** DATA PROVIDED **
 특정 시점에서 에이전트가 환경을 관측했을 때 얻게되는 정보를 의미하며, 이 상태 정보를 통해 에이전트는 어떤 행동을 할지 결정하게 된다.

...

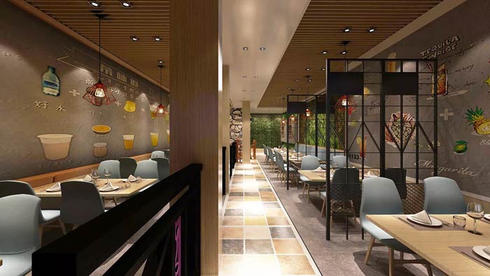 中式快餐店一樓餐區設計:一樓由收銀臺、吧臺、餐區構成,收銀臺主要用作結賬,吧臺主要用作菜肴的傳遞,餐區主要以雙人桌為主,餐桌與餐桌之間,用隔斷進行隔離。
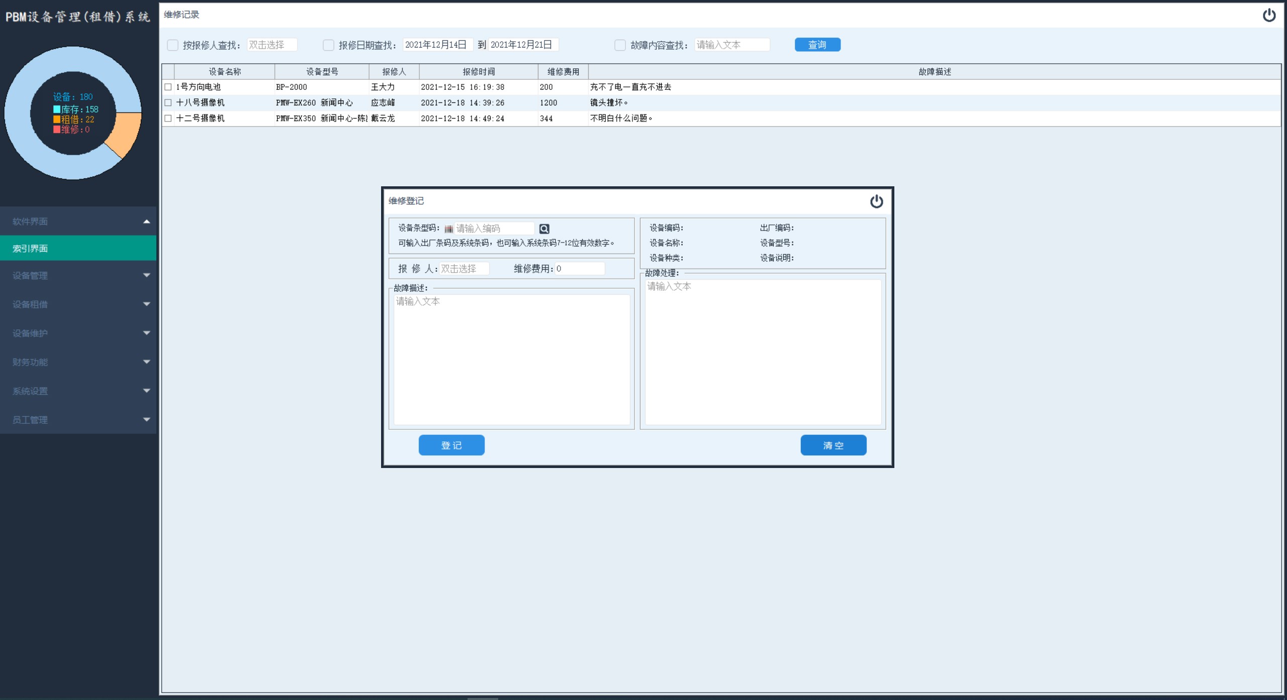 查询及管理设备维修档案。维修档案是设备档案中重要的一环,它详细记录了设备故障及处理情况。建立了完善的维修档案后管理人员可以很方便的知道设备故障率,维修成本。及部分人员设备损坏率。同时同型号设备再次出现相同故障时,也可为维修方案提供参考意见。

** ABOUT THIS EXERCISE **
Leaving out each picture, repeat exactly the lines above from the one that contains "中式快餐店一樓餐區設計:一樓" through the one that contains "查询及管理设备维修档案。维修".

** SOLUTION **
 中式快餐店一樓餐區設計:一樓由收銀臺、吧臺、餐區構成,收銀臺主要用作結賬,吧臺主要用作菜肴的傳遞,餐區主要以雙人桌為主,餐桌與餐桌之間,用隔斷進行隔離。
 查询及管理设备维修档案。维修档案是设备档案中重要的一环,它详细记录了设备故障及处理情况。建立了完善的维修档案后管理人员可以很方便的知道设备故障率,维修成本。及部分人员设备损坏率。同时同型号设备再次出现相同故障时,也可为维修方案提供参考意见。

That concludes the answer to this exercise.